* [Data supplied]
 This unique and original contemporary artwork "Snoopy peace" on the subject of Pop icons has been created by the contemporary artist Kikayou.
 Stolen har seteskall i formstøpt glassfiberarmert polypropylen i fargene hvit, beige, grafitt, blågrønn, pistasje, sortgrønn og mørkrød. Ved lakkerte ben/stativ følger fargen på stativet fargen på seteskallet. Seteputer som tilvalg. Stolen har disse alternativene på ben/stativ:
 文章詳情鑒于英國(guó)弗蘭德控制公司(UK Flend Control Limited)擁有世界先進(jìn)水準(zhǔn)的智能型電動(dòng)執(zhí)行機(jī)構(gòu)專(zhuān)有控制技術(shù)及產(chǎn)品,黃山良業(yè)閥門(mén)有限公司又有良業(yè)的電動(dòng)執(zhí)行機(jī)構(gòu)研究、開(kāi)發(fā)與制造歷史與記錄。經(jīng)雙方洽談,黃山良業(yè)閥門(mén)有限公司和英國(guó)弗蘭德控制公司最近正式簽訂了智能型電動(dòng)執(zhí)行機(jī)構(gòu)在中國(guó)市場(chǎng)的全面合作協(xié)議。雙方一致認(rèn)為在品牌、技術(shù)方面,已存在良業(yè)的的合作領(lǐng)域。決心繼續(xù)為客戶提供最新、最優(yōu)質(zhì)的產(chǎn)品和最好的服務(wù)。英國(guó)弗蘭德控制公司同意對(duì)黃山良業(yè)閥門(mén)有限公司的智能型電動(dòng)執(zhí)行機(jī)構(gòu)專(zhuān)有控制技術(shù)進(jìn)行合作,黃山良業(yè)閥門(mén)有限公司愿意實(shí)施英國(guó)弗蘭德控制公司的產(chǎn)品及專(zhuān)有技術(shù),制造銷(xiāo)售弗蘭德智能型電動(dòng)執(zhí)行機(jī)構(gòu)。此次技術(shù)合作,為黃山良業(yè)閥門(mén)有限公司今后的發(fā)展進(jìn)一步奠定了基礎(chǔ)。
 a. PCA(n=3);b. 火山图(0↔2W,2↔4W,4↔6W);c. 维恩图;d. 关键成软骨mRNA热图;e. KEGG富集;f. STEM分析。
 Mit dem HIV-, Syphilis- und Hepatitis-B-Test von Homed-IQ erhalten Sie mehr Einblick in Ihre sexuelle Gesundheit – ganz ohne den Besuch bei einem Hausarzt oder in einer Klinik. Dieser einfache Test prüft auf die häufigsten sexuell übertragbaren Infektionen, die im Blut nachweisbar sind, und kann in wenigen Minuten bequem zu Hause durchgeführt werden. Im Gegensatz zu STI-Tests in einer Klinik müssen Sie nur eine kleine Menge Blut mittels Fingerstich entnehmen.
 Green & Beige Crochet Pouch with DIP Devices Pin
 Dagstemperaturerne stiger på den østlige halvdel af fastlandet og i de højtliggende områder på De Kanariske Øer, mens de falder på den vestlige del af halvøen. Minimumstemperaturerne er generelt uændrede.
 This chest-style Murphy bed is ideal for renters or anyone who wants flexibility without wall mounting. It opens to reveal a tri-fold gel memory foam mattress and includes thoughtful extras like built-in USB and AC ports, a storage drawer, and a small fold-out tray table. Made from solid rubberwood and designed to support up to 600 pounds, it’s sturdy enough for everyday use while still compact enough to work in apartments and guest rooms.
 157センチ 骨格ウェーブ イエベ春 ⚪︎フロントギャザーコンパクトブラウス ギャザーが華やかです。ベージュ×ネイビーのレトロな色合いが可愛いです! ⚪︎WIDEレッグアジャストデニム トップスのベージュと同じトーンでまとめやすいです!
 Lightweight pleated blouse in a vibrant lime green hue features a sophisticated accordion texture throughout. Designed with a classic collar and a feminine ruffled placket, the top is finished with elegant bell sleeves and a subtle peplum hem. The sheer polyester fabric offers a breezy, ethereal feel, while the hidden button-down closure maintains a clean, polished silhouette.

* [Exercise requirements]
Retype the listing. Match it exactly.

* [Response]
 This unique and original contemporary artwork "Snoopy peace" on the subject of Pop icons has been created by the contemporary artist Kikayou.
 Stolen har seteskall i formstøpt glassfiberarmert polypropylen i fargene hvit, beige, grafitt, blågrønn, pistasje, sortgrønn og mørkrød. Ved lakkerte ben/stativ følger fargen på stativet fargen på seteskallet. Seteputer som tilvalg. Stolen har disse alternativene på ben/stativ:
 文章詳情鑒于英國(guó)弗蘭德控制公司(UK Flend Control Limited)擁有世界先進(jìn)水準(zhǔn)的智能型電動(dòng)執(zhí)行機(jī)構(gòu)專(zhuān)有控制技術(shù)及產(chǎn)品,黃山良業(yè)閥門(mén)有限公司又有良業(yè)的電動(dòng)執(zhí)行機(jī)構(gòu)研究、開(kāi)發(fā)與制造歷史與記錄。經(jīng)雙方洽談,黃山良業(yè)閥門(mén)有限公司和英國(guó)弗蘭德控制公司最近正式簽訂了智能型電動(dòng)執(zhí)行機(jī)構(gòu)在中國(guó)市場(chǎng)的全面合作協(xié)議。雙方一致認(rèn)為在品牌、技術(shù)方面,已存在良業(yè)的的合作領(lǐng)域。決心繼續(xù)為客戶提供最新、最優(yōu)質(zhì)的產(chǎn)品和最好的服務(wù)。英國(guó)弗蘭德控制公司同意對(duì)黃山良業(yè)閥門(mén)有限公司的智能型電動(dòng)執(zhí)行機(jī)構(gòu)專(zhuān)有控制技術(shù)進(jìn)行合作,黃山良業(yè)閥門(mén)有限公司愿意實(shí)施英國(guó)弗蘭德控制公司的產(chǎn)品及專(zhuān)有技術(shù),制造銷(xiāo)售弗蘭德智能型電動(dòng)執(zhí)行機(jī)構(gòu)。此次技術(shù)合作,為黃山良業(yè)閥門(mén)有限公司今后的發(fā)展進(jìn)一步奠定了基礎(chǔ)。
 a. PCA(n=3);b. 火山图(0↔2W,2↔4W,4↔6W);c. 维恩图;d. 关键成软骨mRNA热图;e. KEGG富集;f. STEM分析。
 Mit dem HIV-, Syphilis- und Hepatitis-B-Test von Homed-IQ erhalten Sie mehr Einblick in Ihre sexuelle Gesundheit – ganz ohne den Besuch bei einem Hausarzt oder in einer Klinik. Dieser einfache Test prüft auf die häufigsten sexuell übertragbaren Infektionen, die im Blut nachweisbar sind, und kann in wenigen Minuten bequem zu Hause durchgeführt werden. Im Gegensatz zu STI-Tests in einer Klinik müssen Sie nur eine kleine Menge Blut mittels Fingerstich entnehmen.
 Green & Beige Crochet Pouch with DIP Devices Pin
 Dagstemperaturerne stiger på den østlige halvdel af fastlandet og i de højtliggende områder på De Kanariske Øer, mens de falder på den vestlige del af halvøen. Minimumstemperaturerne er generelt uændrede.
 This chest-style Murphy bed is ideal for renters or anyone who wants flexibility without wall mounting. It opens to reveal a tri-fold gel memory foam mattress and includes thoughtful extras like built-in USB and AC ports, a storage drawer, and a small fold-out tray table. Made from solid rubberwood and designed to support up to 600 pounds, it’s sturdy enough for everyday use while still compact enough to work in apartments and guest rooms.
 157センチ 骨格ウェーブ イエベ春 ⚪︎フロントギャザーコンパクトブラウス ギャザーが華やかです。ベージュ×ネイビーのレトロな色合いが可愛いです! ⚪︎WIDEレッグアジャストデニム トップスのベージュと同じトーンでまとめやすいです!
 Lightweight pleated blouse in a vibrant lime green hue features a sophisticated accordion texture throughout. Designed with a classic collar and a feminine ruffled placket, the top is finished with elegant bell sleeves and a subtle peplum hem. The sheer polyester fabric offers a breezy, ethereal feel, while the hidden button-down closure maintains a clean, polished silhouette.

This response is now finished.